Relative-loss metric relative_mae. L1-loss analogue of relative_mse. Below 1 means the candidate beats the benchmark on absolute-loss criterion. Robust to heavy-tailed forecast errors.

When to use

Heavy-tailed targets where MSE is too sensitive to outliers.

References

  • macroforecast design Part 3, L5: ‘evaluation = (metric × benchmark × aggregation × decomposition × ranking).’

  • Diebold (2017) ‘Forecasting in Economics, Business, Finance and Beyond’, University of Pennsylvania (free online). https://www.sas.upenn.edu/~fdiebold/Textbooks.html

Related options: relative_mse, mse_reduction, r2_oos

Last reviewed 2026-05-05 by macroforecast author.

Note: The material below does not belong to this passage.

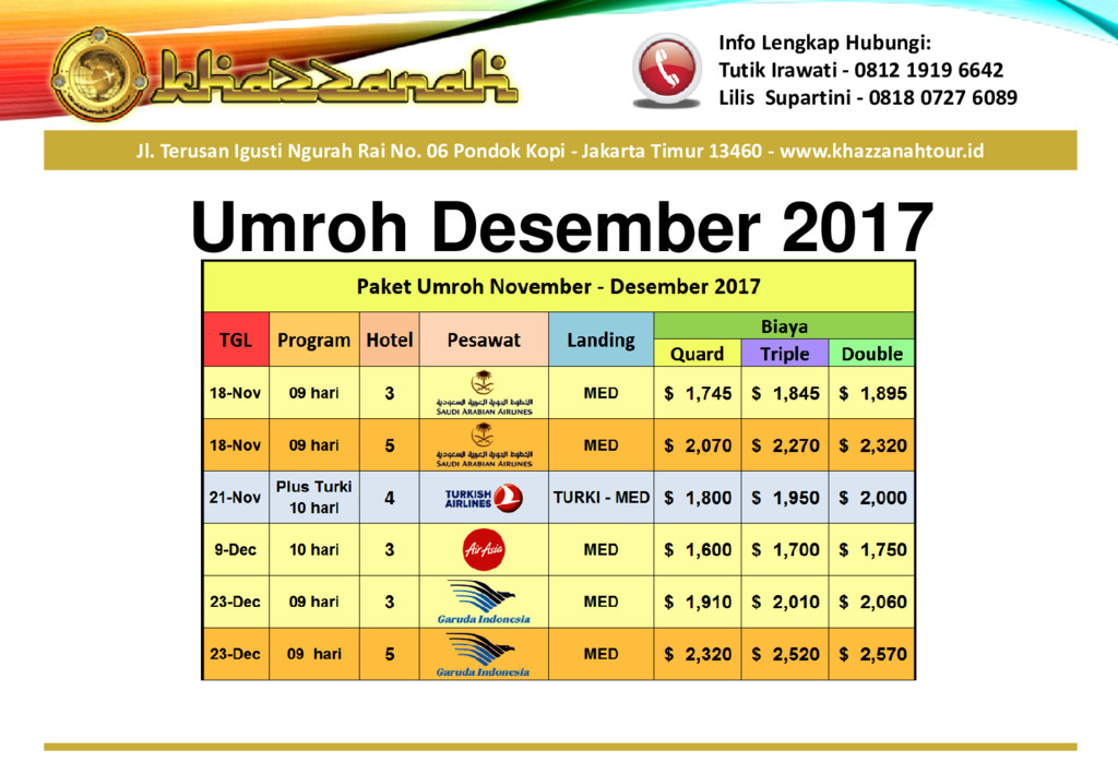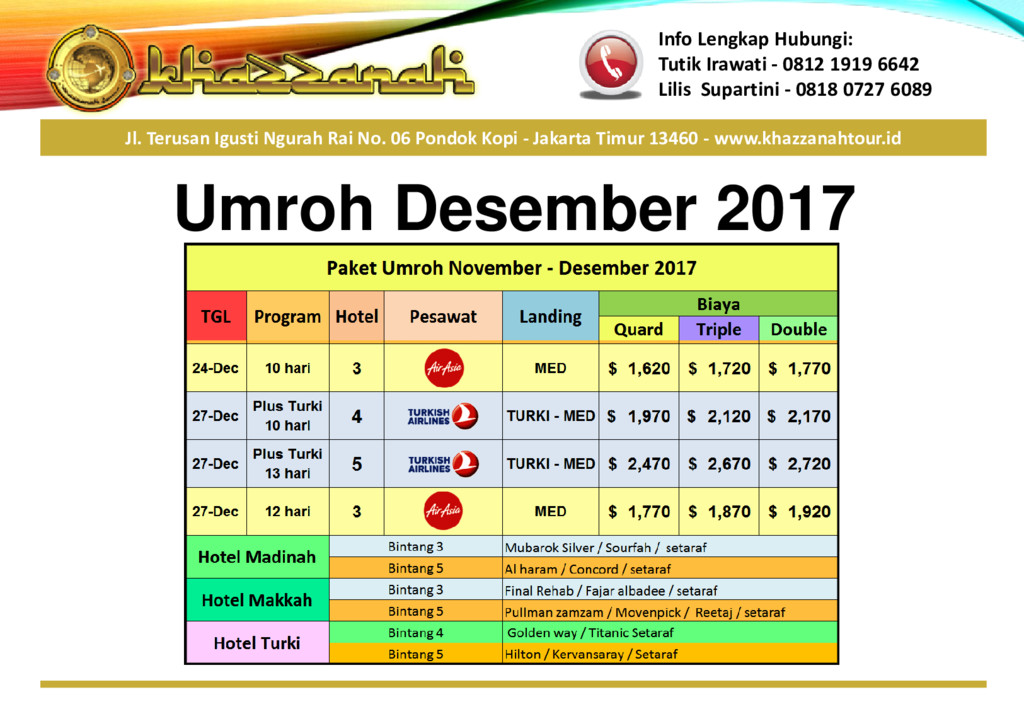 Paket Umroh Desember Akan menjadi Program umroh Akhir Tahun yang sangat ditunggu dengan harga yang terjangkau, segera daftarkan diri anda sekarang juga.

relative_mse – operational

Forecast MSE divided by the L4 is_benchmark model’s MSE.

Relative-loss metric relative_mse. MSE_model / MSE_benchmark. The standard horse-race ratio. Below 1 means the candidate beats the benchmark; the L5.E ranking tables surface this column by default. Requires exactly one L4 model with is_benchmark = true (validator hard-rejects 0 or > 1 benchmarks).

When to use

Default reporting metric in horse-race tables; comparing candidate models against a fixed benchmark.

References

  • macroforecast design Part 3, L5: ‘evaluation = (metric × benchmark × aggregation × decomposition × ranking).’

  • Diebold (2017) ‘Forecasting in Economics, Business, Finance and Beyond’, University of Pennsylvania (free online). https://www.sas.upenn.edu/~fdiebold/Textbooks.html

Related options: relative_mae, mse_reduction, r2_oos

Last reviewed 2026-05-05 by macroforecast author.